News at Tipitaka Network
Afghanistan bets on peace with first national park
Compiled by Tipitaka Network newsdesk, Sunday, May 3, 2009
A unique cascade of turquoise lakes nestled in bleak mountains near the heart of Afghanistan was touted as a national park in the 1970s, long before three decades of war drove the tourists away.
On April 22, Afghanistan declared Band-e-Amir its first conservation area, hoping nature-lovers will return. The United States Agency for International Development (USAID) and the Wildlife Conservation Society (WCS) applauded Afghanistan's National Environment Protection Agency (NEPA), which made the announcement for the establishment of the country's first internationally recognized national park.
The park, known as Band-e-Amir, will protect one of Afghanistan's best-known natural areas: the spectacular series of six deep blue lakes separated by natural dams made of travertine, a mineral deposit. Travertine systems are found in only a few places throughout the world, virtually all of which are on the UNESCO World Heritage list and are major international tourist attractions.

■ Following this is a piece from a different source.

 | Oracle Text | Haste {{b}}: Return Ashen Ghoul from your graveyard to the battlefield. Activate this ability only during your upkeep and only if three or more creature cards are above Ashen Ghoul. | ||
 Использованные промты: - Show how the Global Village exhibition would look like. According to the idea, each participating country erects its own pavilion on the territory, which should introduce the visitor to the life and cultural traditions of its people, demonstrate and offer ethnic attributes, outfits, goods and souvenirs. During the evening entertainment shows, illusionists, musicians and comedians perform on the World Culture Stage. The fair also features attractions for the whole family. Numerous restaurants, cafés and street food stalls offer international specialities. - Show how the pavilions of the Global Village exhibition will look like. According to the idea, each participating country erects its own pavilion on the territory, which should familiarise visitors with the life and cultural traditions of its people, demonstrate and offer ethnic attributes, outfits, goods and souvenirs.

For decades, the area deteriorated along with so much else in a country consumed by war. The last of Band-e-Amir's magnificent snow leopards was hunted down some time in the 1980s while Soviet troops were battling mujahideen guerrillas.
The park is near the Bamiyan Valley, where the 1,500-year-old giant Buddha statues once stood. The spectacular ancient giant Buddha statues were blown up by the Taliban in 2001.

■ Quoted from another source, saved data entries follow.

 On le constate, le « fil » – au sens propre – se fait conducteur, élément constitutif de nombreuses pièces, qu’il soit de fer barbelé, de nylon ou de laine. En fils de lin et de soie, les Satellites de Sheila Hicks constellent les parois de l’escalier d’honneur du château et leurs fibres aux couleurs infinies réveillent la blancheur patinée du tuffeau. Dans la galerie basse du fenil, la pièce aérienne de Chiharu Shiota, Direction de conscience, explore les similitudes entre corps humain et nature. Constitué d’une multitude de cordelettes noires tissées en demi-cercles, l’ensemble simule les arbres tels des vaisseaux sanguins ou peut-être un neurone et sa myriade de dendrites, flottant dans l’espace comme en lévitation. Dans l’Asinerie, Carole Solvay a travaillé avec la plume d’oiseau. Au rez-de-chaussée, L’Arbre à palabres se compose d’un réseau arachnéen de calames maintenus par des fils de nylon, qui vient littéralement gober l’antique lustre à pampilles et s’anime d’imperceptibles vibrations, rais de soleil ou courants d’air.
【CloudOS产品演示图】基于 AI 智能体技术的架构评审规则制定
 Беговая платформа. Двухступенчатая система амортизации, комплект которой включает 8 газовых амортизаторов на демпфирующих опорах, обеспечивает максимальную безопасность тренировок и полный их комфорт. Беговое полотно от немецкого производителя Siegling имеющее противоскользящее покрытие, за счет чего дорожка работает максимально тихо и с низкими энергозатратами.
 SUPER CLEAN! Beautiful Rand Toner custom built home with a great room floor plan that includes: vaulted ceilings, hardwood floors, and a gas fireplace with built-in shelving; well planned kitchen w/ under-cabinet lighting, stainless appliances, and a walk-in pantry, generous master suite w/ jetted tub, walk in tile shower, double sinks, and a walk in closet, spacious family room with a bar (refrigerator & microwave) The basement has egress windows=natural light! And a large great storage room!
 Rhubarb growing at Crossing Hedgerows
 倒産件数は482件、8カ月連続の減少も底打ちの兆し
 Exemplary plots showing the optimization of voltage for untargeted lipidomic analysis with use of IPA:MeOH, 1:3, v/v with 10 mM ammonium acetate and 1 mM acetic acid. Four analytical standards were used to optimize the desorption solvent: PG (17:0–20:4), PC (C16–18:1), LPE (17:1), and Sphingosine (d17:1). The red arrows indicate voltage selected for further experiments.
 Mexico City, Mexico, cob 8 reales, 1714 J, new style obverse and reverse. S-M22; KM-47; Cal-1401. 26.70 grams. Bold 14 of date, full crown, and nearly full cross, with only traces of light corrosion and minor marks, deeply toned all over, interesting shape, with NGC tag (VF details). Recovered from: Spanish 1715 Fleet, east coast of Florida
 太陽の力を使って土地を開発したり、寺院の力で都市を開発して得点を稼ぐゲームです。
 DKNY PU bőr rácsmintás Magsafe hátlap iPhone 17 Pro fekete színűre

But today the area is far from any fighting and Afghan tourists have begun to return. Authorities hope foreigners who made Afghanistan a stop on the "hippie trail" in the 1970s will one day come back too.
The chain of lakes are a bone-jarring day's drive from Kabul over dirt roads that are currently considered unsafe for foreigners. There is only a dirt airstrip at the nearest town.
But the giant natural dams, formed from slow-growing deposits of travertine stone that hold back each pool of startlingly blue water are a unique natural treasure.
"There is nothing else in the world that looks like that," said Peter Smallwood, Afghanistan Country Director for the WCS, which has helped set up the park. "There are some travertine dams that are bigger but nothing so vertically sheer. It is so thin and tall it looks almost unreal."
Though much of the park's wildlife has been lost, recent surveys indicate that it still contains ibex (a species of wild goat) and urial (a type of wild sheep) along with wolves, foxes, smaller mammals and fish, and various bird species.
Wetlands at the edge of the lake are a haven for migrating birds in an arid zone, boasting a rare species which lives only in the area, the Afghan snowfinch. Although the Buddhas are gone, the nearby Bamiyan valley is still breathtakingly beautiful and scattered with other historic sights.
The lakes are under growing threat from pollution and other human-caused degradation to the fragile travertine dams.
Creating the national park will provide international recognition essential to helping develop Band-e-Amir as an international tourist destination, and assist it in obtaining World Heritage Status, which would provide additional protection. It also sets the groundwork to create an Afghan Protected Area System that could include the wildlife-rich transboundary area in the Pamirs shared by Afghanistan, Pakistan, China and Tajikistan.
Local entrepreneurs are hoping that official national park status will bring a steadier stream of Afghan tourists to their doors in the summer months.
"We are very poor people. If this opens a gate for the rich people to come visit, at very least we will have a chance to see what they look like," said Sayid Abdul Jafar, a villager from inside the park said with a grin.
The new park will be managed by Afghanistan's National Environmental Protection Agency, the Ministry of Agriculture, Irrigation and Livestock, and the Band-e-Amir Protected Area Committee. WCS helped the 13 villages lying within the park establish this Committee, which provides local input into all management decisions. The park will provide employment, tourism-derived revenue, and ensure that local communities play a key role in protecting this world class landscape.